Explained: All You Need To Know About Compound Interest

Compound interest is one of the most powerful tools in your financial arsenal, bringing longevity to your wealth growth

If you are an investor, you may have caught the term compound interest. Or you have heard of it when applying for a home or car loan. In either case, someone at the bank would have mentioned it. Each time you borrow or invest money, you will have to pay or be paid interest.

Compound interest is simply the interest earned on the interest that you previously made, which you had reinvested. That is precisely the reason why it's called compound and not simple interest.

How Does Compounding Work?

Let's say you invested ₹1000 [which becomes the principal amount], and you receive 5 percent interest of ₹50 per year. This ₹50 is actually simple interest, which means the interest you have earned based on the principal amount of ₹1000.

Now, in a compound interest scenario, the ₹50 will be reinvested to become part of your investment. Now, there's ₹1050 in your investment. Continuing with the same 5 percent interest rate, you will now earn ₹52.50. So after two years, your total investment would be ₹1102.50.
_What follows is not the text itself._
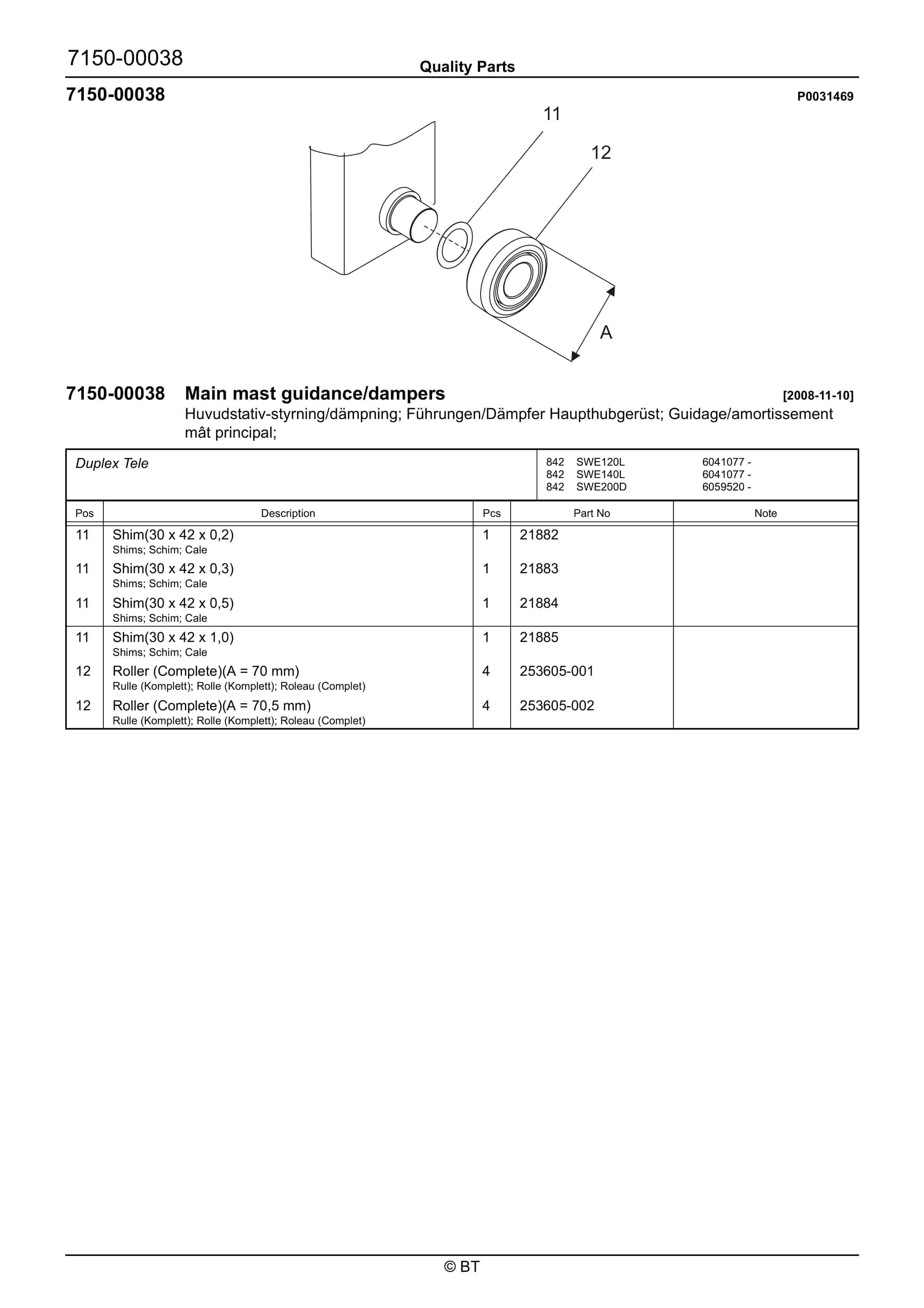BT 602-TT, 608-TT, 609-TT, 610-TT, 612-TT, 620-TT (AC) Quality Parts 253711

The formula for compound interest is:

FV = PV × (1+r)^n

where FV = Future Value or the final amount, PV = Present Value or the principal, r = annual interest rate and n = number of periods.

This formula works when you're saving or borrowing money. Since you know the amount to start with [PV], you also need to consider the number of compounding periods [n] and the interest rate [r].
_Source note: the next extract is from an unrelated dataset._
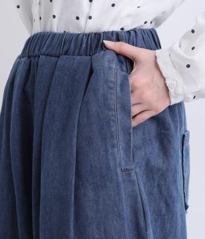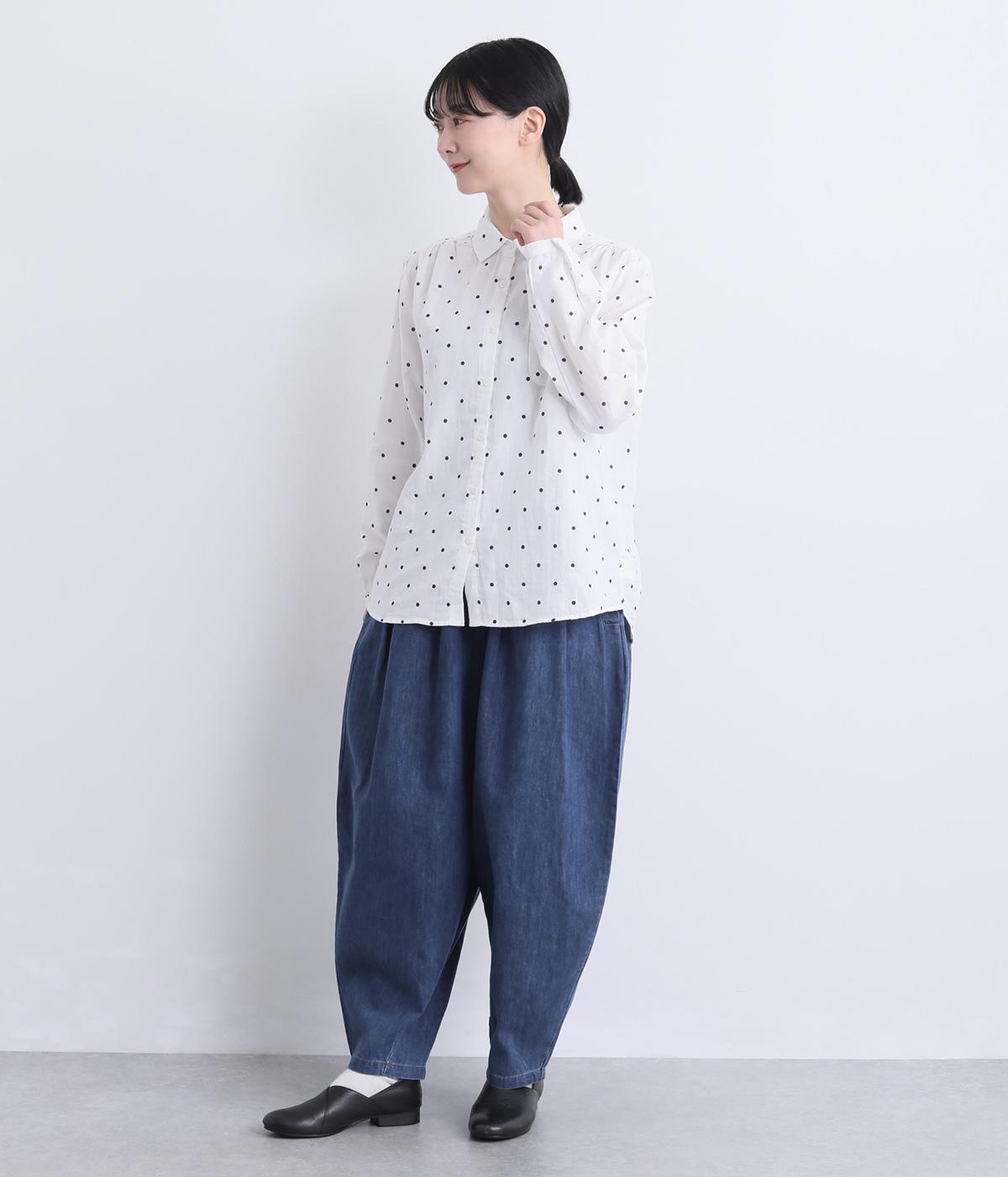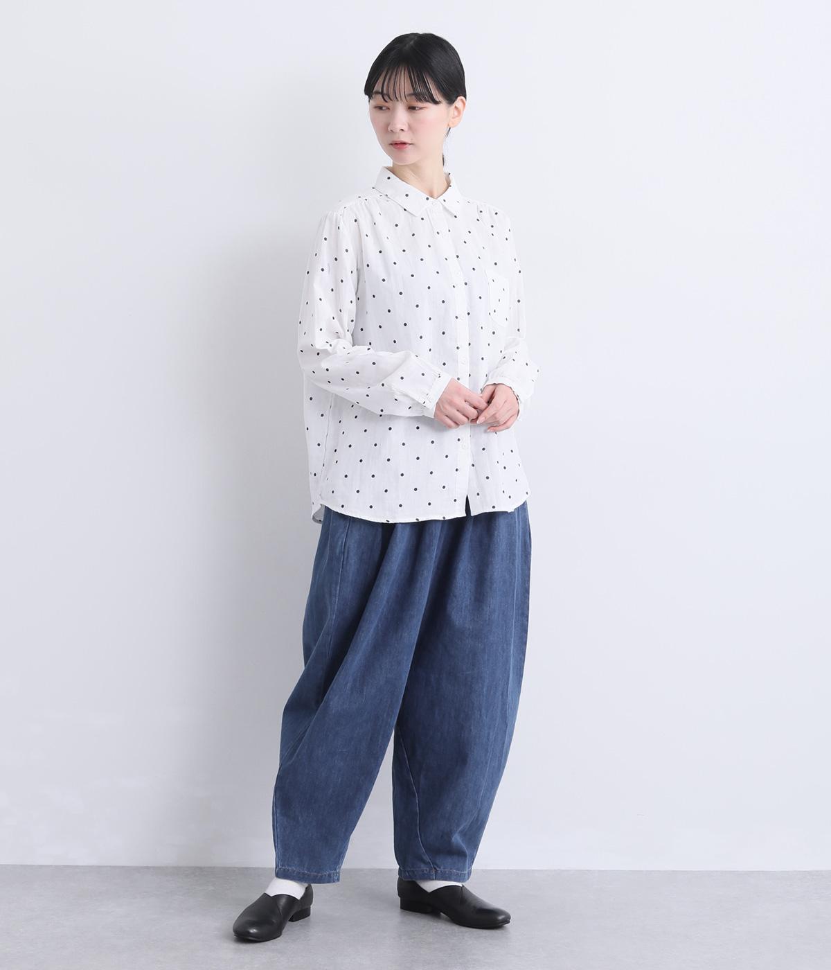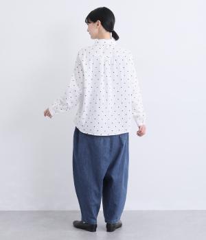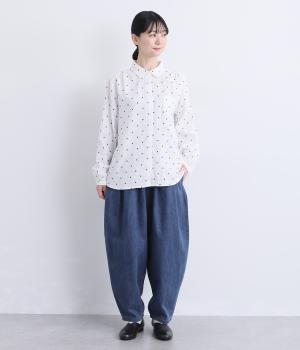タックを取ってボリュームをもたせたサルエル調のゆったりシルエットが魅力のパンツ。ヒップポケットもやや下げて気負いのないリラックス感を表現。ウエスト総ゴムに内紐入りで着用感もストレスフリーに仕上げました。

Compound interest is a mechanism that increases the principal amount without adding any more of your money after the initial investment. When it comes to investments, it's regarded as a magic tool to grow wealth. Excellent for savings and investments, but can work horribly against you when paying interest on a loan.
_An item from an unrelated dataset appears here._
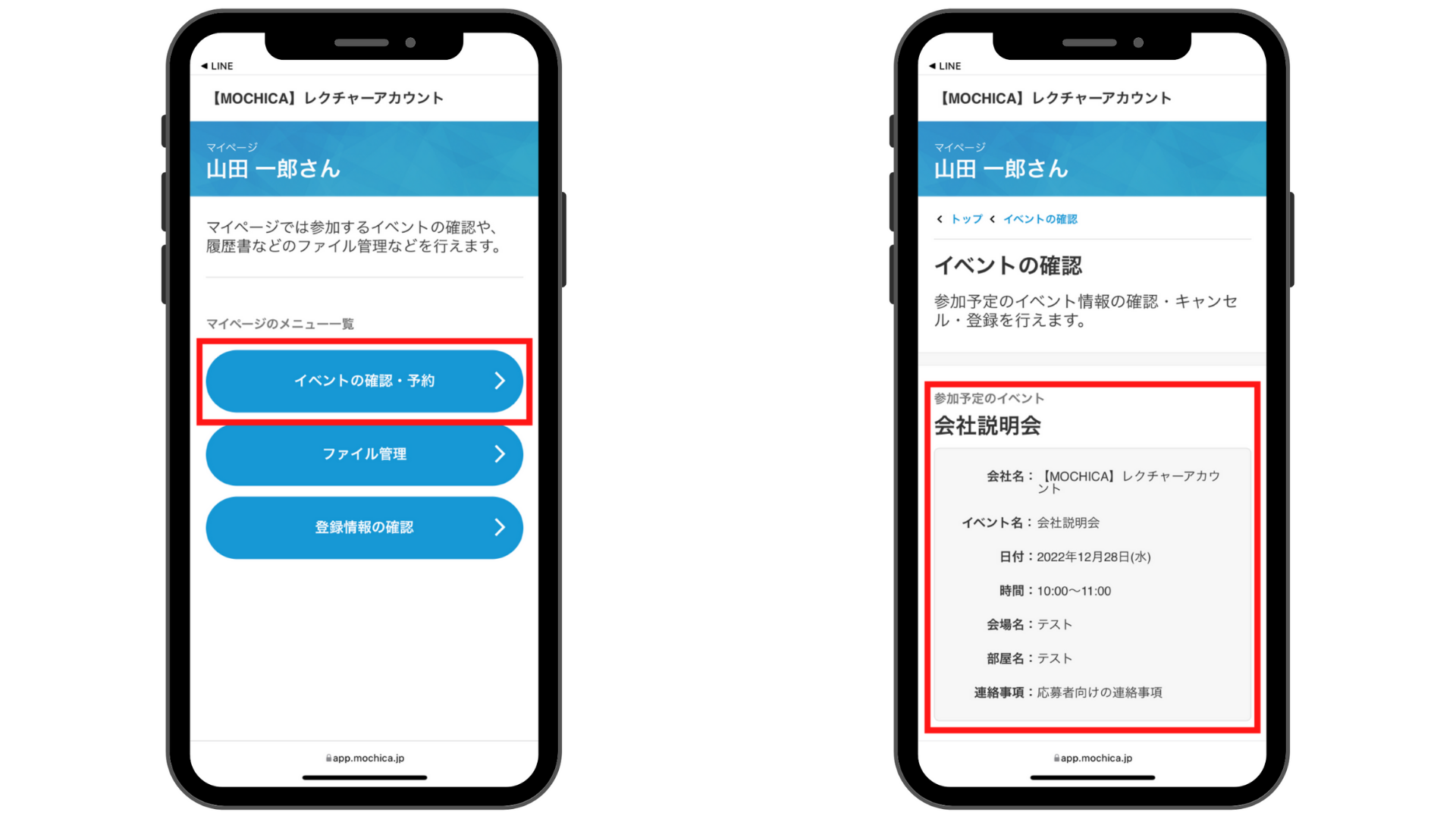 応募者はマイページから、現在予約している選考内容をいつでも確認することが可能です。

Also Read: Explained: Should You Invest In Tax-Saving ELSS?

What are the factors that influence compound interest?

Compound interest is a combination of the amount you first started with [principal] plus what you earn. When interest is paid repeatedly, compounding takes place. In the first year or a couple of cycles, compound interest may not particularly make an impressive impact. But as interest starts adding over and over again, compound interest begins to show results on your investment.

Five factors make compound interest powerful. They are

  • Frequency. The more frequent compounding interests are — daily, for instance — the more dramatic results you can view.
  • Time. Long periods are fantastic for compounding interest to show. And that's why you need to leave your money alone to grow.
  • Interest rate. A higher interest rate can grow your investment rapidly. But with compound interest, even if it is at a lower rate, it can give you a higher balance amount over a long period.
  • Withdrawals. If you withdraw from your investment, you could reduce the effect of compounding. But if you let your money grow while you regularly contribute to the investment that could wonderfully build wealth.
  • Principal amount. Regarding compounding interest, a high sum of money to start with may not really make a difference. That's because, whether you are starting with ₹100 or ₹1 crore, compounding interest will work the same way

How Often Is Interest Compounded?

To know how often interest is compounded, you need to look into the compounding period. The span of time when interest was last compounded and when it will be compounded again is known as the compounding period. It helps you experience the power of compounding interest and how to assess it.

For instance, if you have a daily interest account, the compounding period is one day. For semi-annual accounts, it's six months. Similarly, compound interest can be calculated by the following frequencies:

  • Daily
  • Monthly
  • Quarterly
  • Half-yearly
  • Yearly

The main principle behind compound interest is that the shorter the compounding term, the more interest you could earn. So that means, between annual, monthly and daily compound interest, daily compounding offers the highest interest.

With all things being equal, you stand the chance of better returns on your investments with frequent compounding when it comes to investments. The more regular the compounding, the more it gets credited to your principal balance. That can allow the compound interest to begin earning its own interest quickly. And that's when you realise that the power of compounding lies in the interest earning you interest. Mind boggling indeed!

But when it comes to debt, especially credit cards, compound interest is calculated daily. That means your credit card issuer charges interest to your account every day based on the average daily balance. The more the balance grows, the more interest will add on top of the amount you owe the card issuer.